(Requirement): Copy every record exactly, leaving the pictures out.

(Stored data entries)
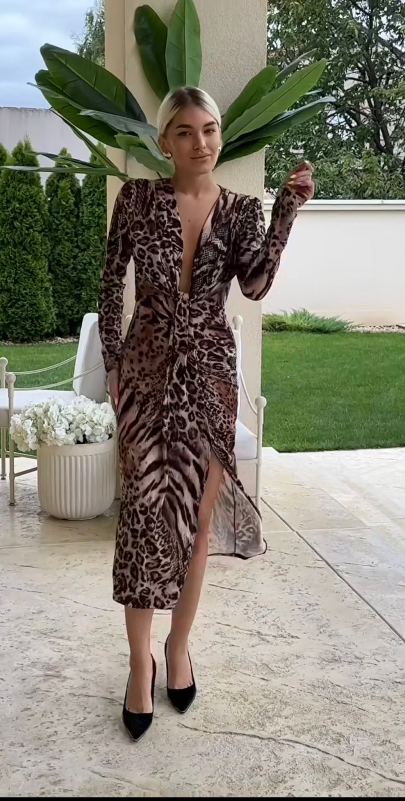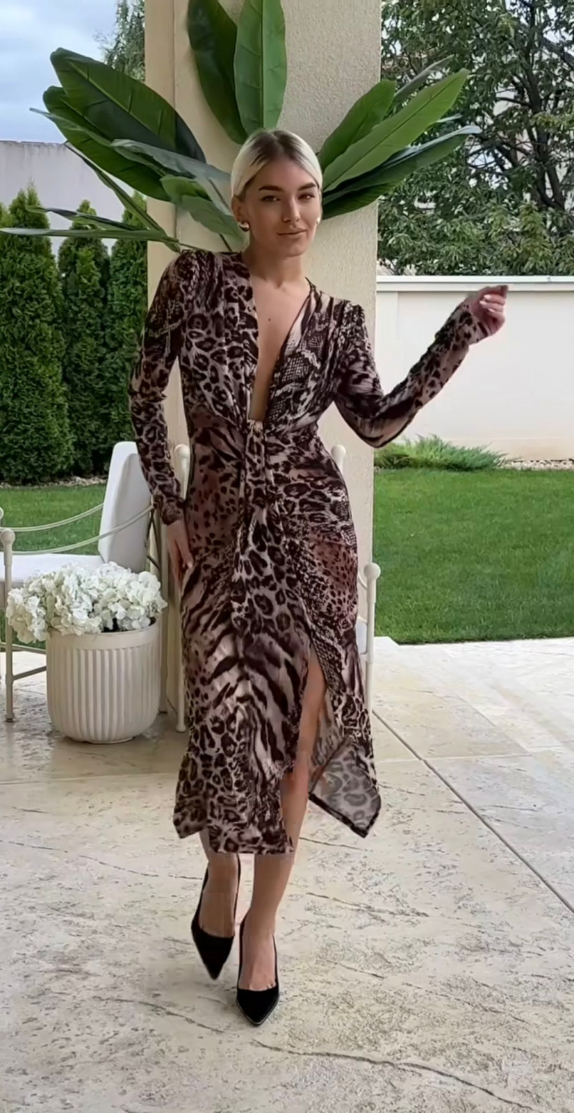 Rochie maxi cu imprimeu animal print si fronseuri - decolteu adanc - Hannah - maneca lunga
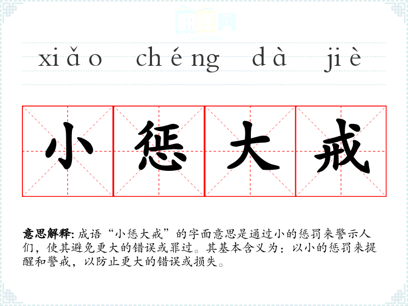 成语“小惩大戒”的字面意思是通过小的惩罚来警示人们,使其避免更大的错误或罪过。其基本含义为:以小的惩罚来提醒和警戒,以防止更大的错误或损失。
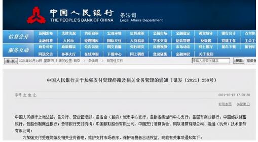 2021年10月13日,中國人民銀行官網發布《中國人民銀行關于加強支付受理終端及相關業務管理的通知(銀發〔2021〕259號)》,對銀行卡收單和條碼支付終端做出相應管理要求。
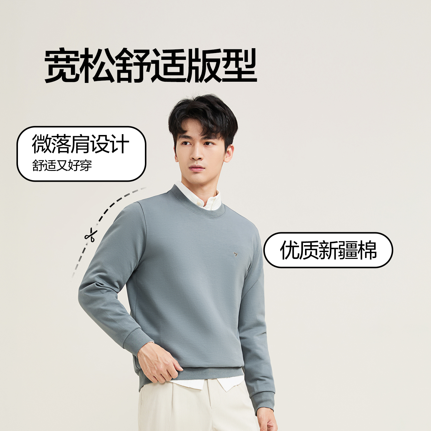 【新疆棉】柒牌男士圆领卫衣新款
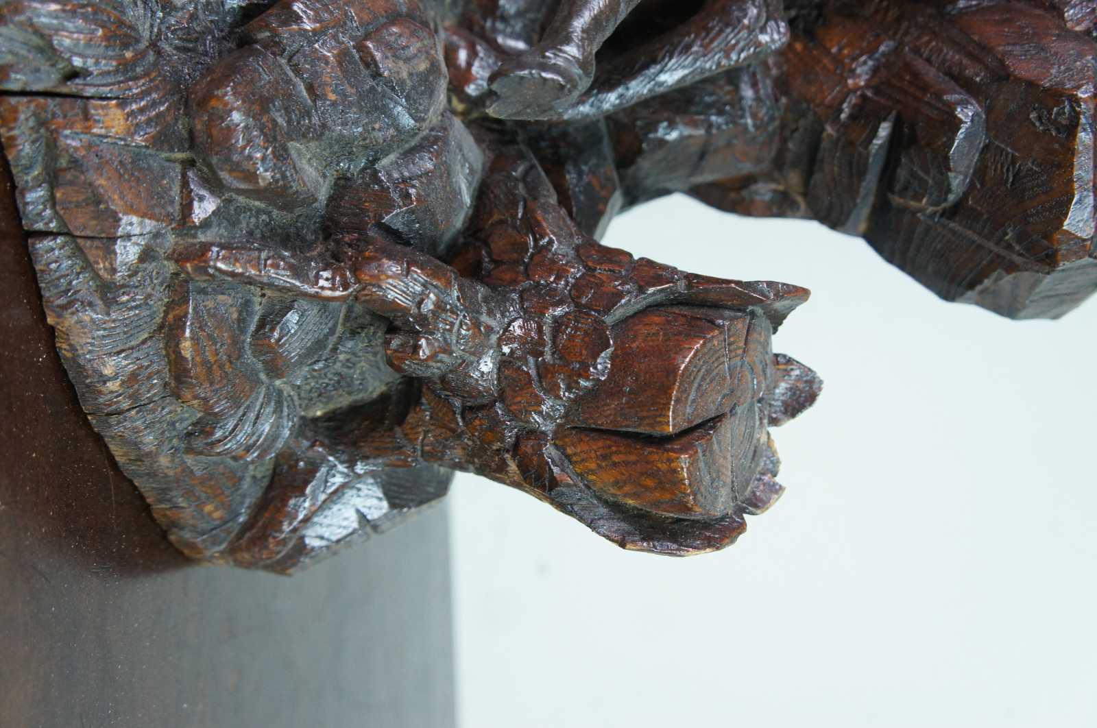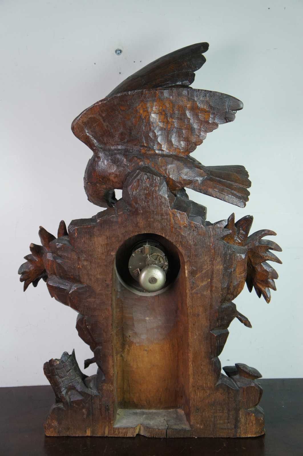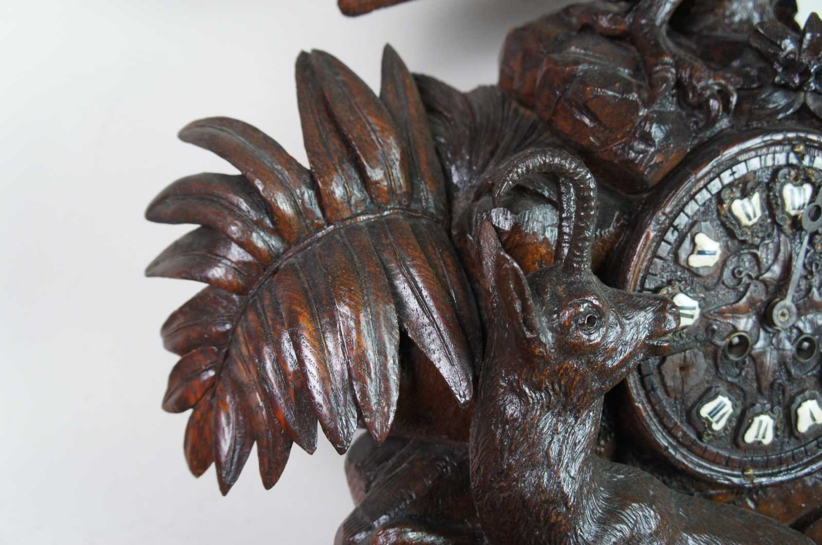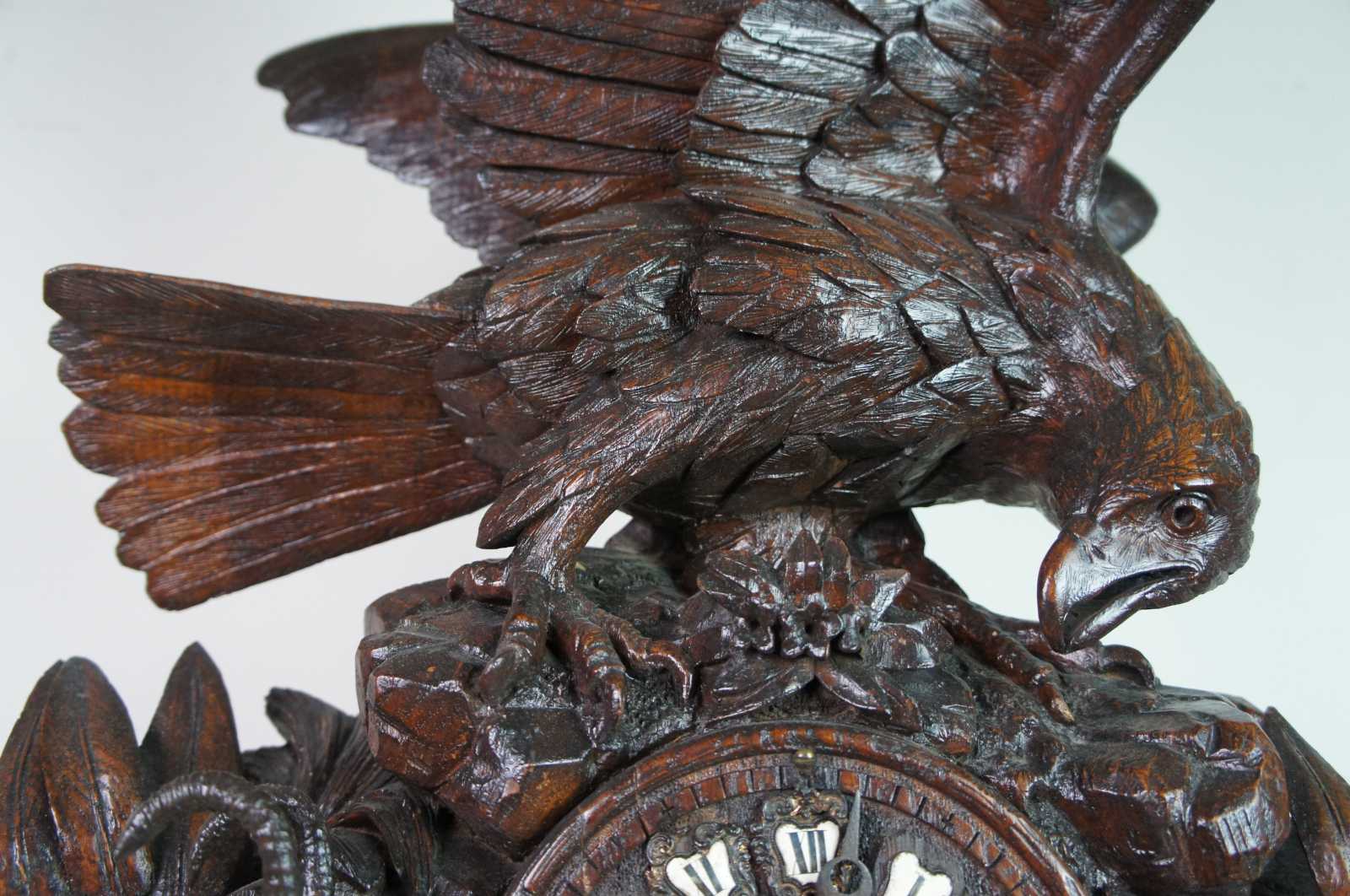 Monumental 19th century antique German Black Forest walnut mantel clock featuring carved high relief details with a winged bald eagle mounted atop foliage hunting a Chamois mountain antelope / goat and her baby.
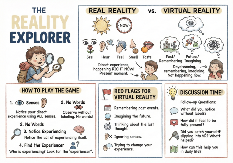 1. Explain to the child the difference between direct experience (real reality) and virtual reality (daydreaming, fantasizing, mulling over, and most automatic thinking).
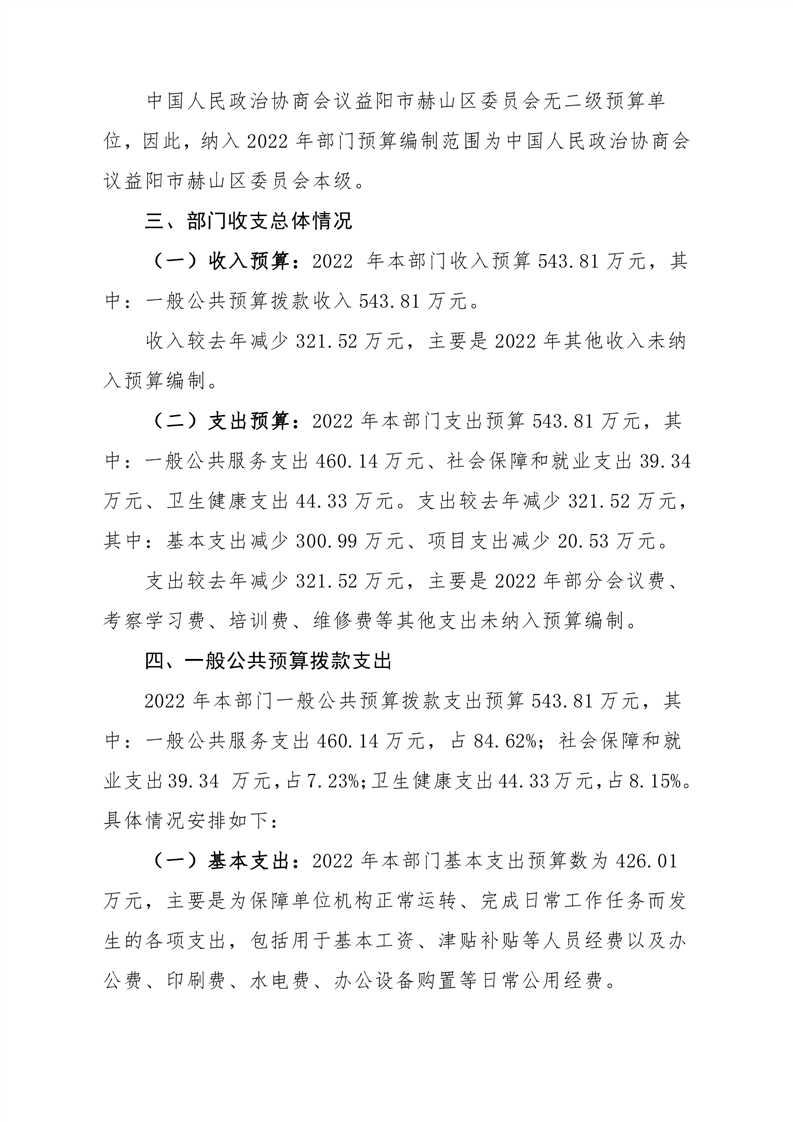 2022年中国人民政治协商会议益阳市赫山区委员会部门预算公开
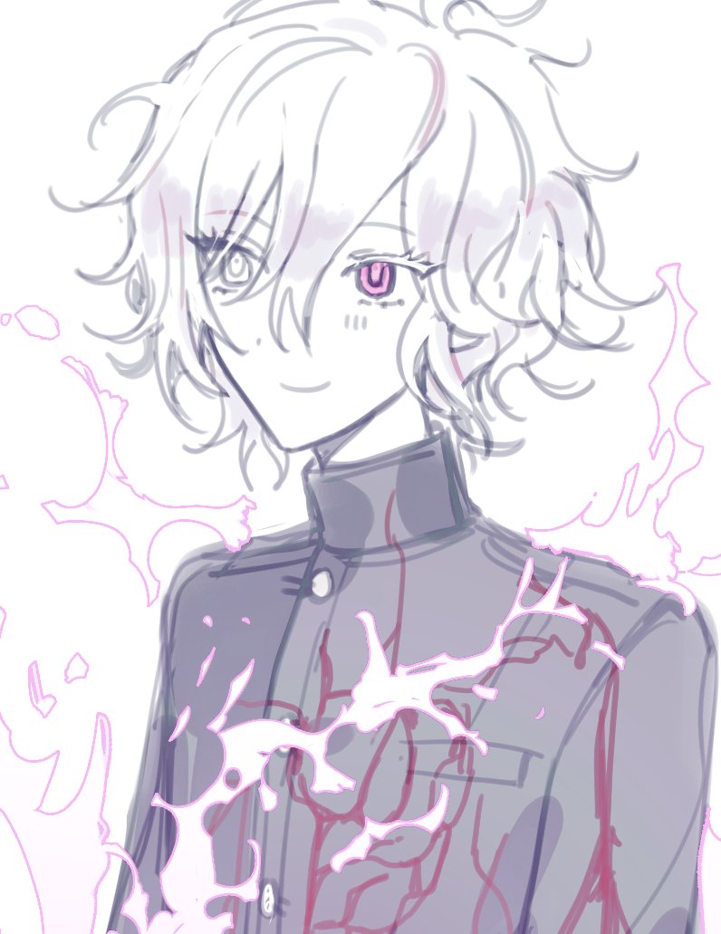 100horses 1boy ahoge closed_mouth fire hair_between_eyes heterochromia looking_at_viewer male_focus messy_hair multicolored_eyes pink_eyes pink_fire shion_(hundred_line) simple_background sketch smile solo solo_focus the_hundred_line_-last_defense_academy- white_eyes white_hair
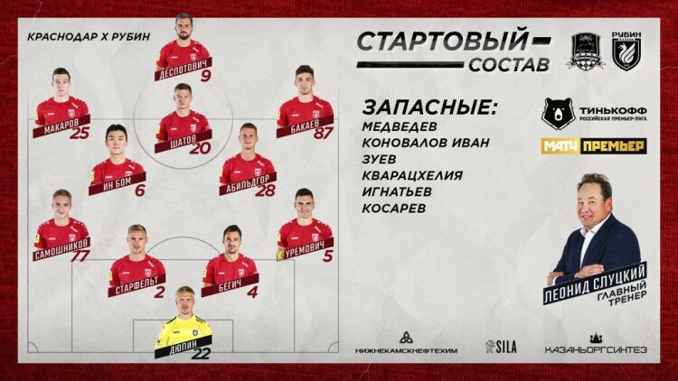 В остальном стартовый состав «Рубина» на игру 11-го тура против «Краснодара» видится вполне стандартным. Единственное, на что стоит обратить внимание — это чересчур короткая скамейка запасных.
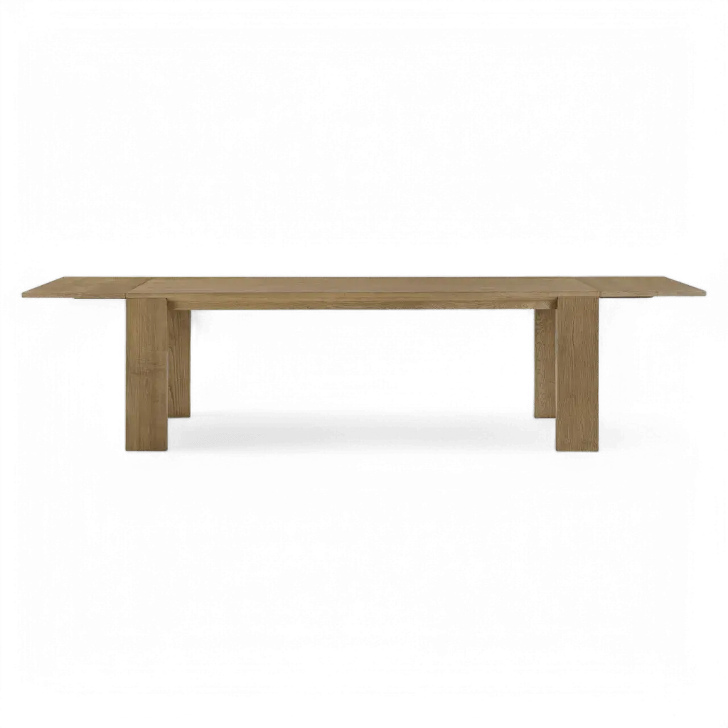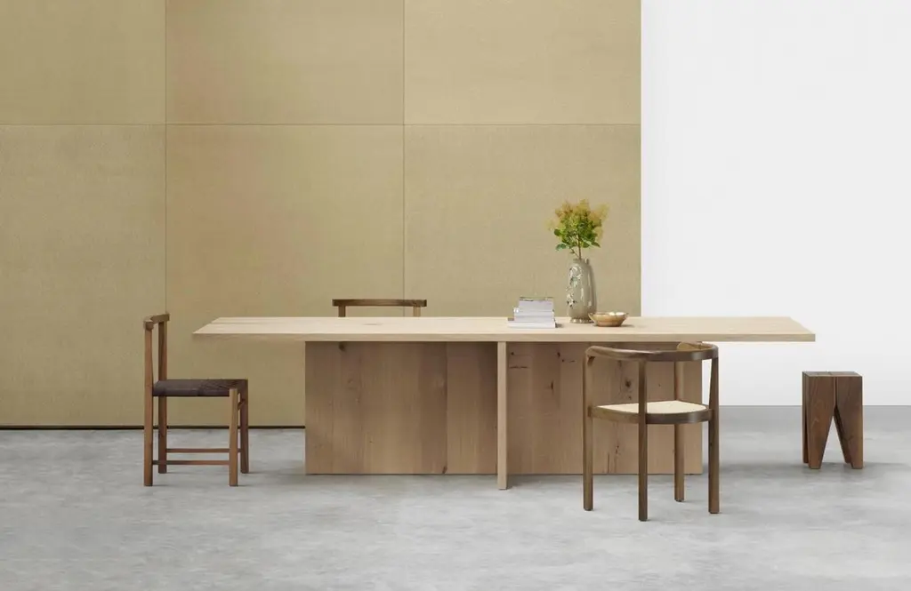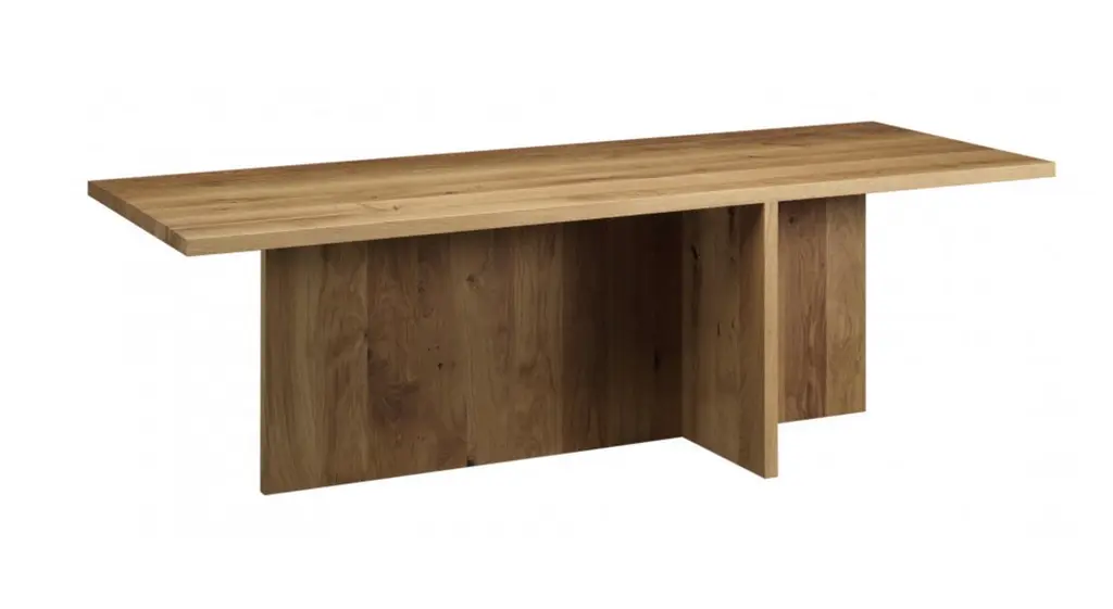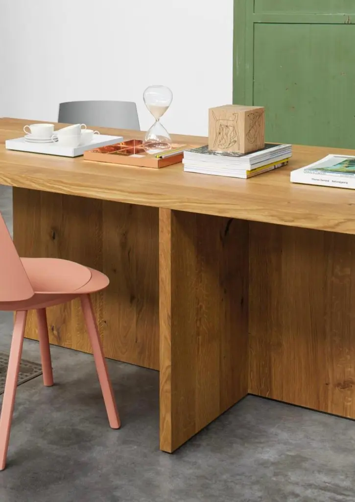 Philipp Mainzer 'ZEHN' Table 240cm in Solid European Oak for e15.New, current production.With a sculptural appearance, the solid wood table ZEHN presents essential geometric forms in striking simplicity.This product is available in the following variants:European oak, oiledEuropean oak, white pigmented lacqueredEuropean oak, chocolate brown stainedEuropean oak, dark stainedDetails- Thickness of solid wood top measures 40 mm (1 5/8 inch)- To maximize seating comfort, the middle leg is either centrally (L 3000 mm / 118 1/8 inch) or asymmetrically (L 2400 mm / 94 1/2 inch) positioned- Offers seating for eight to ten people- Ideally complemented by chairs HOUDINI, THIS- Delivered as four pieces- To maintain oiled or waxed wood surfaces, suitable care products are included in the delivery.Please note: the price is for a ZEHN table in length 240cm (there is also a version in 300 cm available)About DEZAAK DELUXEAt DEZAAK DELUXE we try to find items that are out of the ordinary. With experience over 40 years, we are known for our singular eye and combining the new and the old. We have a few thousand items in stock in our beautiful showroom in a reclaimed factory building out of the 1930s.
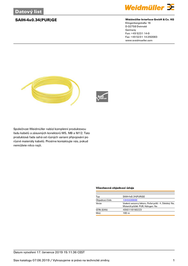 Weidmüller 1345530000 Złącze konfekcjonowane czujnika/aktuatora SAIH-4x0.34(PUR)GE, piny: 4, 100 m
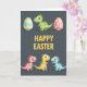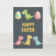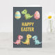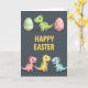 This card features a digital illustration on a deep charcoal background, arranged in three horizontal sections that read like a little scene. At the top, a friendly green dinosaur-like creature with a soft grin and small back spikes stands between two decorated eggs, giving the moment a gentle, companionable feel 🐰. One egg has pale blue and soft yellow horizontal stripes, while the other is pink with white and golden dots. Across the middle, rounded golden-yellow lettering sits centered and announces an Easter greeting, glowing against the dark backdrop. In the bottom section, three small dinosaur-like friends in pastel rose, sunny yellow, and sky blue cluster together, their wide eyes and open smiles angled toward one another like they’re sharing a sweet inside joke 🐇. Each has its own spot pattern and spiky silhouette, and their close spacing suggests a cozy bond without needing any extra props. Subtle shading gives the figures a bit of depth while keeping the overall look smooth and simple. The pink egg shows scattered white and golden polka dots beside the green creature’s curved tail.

(Answer for this exercise):
 Rochie maxi cu imprimeu animal print si fronseuri - decolteu adanc - Hannah - maneca lunga
 成语“小惩大戒”的字面意思是通过小的惩罚来警示人们,使其避免更大的错误或罪过。其基本含义为:以小的惩罚来提醒和警戒,以防止更大的错误或损失。
 2021年10月13日,中國人民銀行官網發布《中國人民銀行關于加強支付受理終端及相關業務管理的通知(銀發〔2021〕259號)》,對銀行卡收單和條碼支付終端做出相應管理要求。
 【新疆棉】柒牌男士圆领卫衣新款
 Monumental 19th century antique German Black Forest walnut mantel clock featuring carved high relief details with a winged bald eagle mounted atop foliage hunting a Chamois mountain antelope / goat and her baby.
 1. Explain to the child the difference between direct experience (real reality) and virtual reality (daydreaming, fantasizing, mulling over, and most automatic thinking).
 2022年中国人民政治协商会议益阳市赫山区委员会部门预算公开
 100horses 1boy ahoge closed_mouth fire hair_between_eyes heterochromia looking_at_viewer male_focus messy_hair multicolored_eyes pink_eyes pink_fire shion_(hundred_line) simple_background sketch smile solo solo_focus the_hundred_line_-last_defense_academy- white_eyes white_hair
 В остальном стартовый состав «Рубина» на игру 11-го тура против «Краснодара» видится вполне стандартным. Единственное, на что стоит обратить внимание — это чересчур короткая скамейка запасных.
 Philipp Mainzer 'ZEHN' Table 240cm in Solid European Oak for e15.New, current production.With a sculptural appearance, the solid wood table ZEHN presents essential geometric forms in striking simplicity.This product is available in the following variants:European oak, oiledEuropean oak, white pigmented lacqueredEuropean oak, chocolate brown stainedEuropean oak, dark stainedDetails- Thickness of solid wood top measures 40 mm (1 5/8 inch)- To maximize seating comfort, the middle leg is either centrally (L 3000 mm / 118 1/8 inch) or asymmetrically (L 2400 mm / 94 1/2 inch) positioned- Offers seating for eight to ten people- Ideally complemented by chairs HOUDINI, THIS- Delivered as four pieces- To maintain oiled or waxed wood surfaces, suitable care products are included in the delivery.Please note: the price is for a ZEHN table in length 240cm (there is also a version in 300 cm available)About DEZAAK DELUXEAt DEZAAK DELUXE we try to find items that are out of the ordinary. With experience over 40 years, we are known for our singular eye and combining the new and the old. We have a few thousand items in stock in our beautiful showroom in a reclaimed factory building out of the 1930s.
 Weidmüller 1345530000 Złącze konfekcjonowane czujnika/aktuatora SAIH-4x0.34(PUR)GE, piny: 4, 100 m
 This card features a digital illustration on a deep charcoal background, arranged in three horizontal sections that read like a little scene. At the top, a friendly green dinosaur-like creature with a soft grin and small back spikes stands between two decorated eggs, giving the moment a gentle, companionable feel 🐰. One egg has pale blue and soft yellow horizontal stripes, while the other is pink with white and golden dots. Across the middle, rounded golden-yellow lettering sits centered and announces an Easter greeting, glowing against the dark backdrop. In the bottom section, three small dinosaur-like friends in pastel rose, sunny yellow, and sky blue cluster together, their wide eyes and open smiles angled toward one another like they’re sharing a sweet inside joke 🐇. Each has its own spot pattern and spiky silhouette, and their close spacing suggests a cozy bond without needing any extra props. Subtle shading gives the figures a bit of depth while keeping the overall look smooth and simple. The pink egg shows scattered white and golden polka dots beside the green creature’s curved tail.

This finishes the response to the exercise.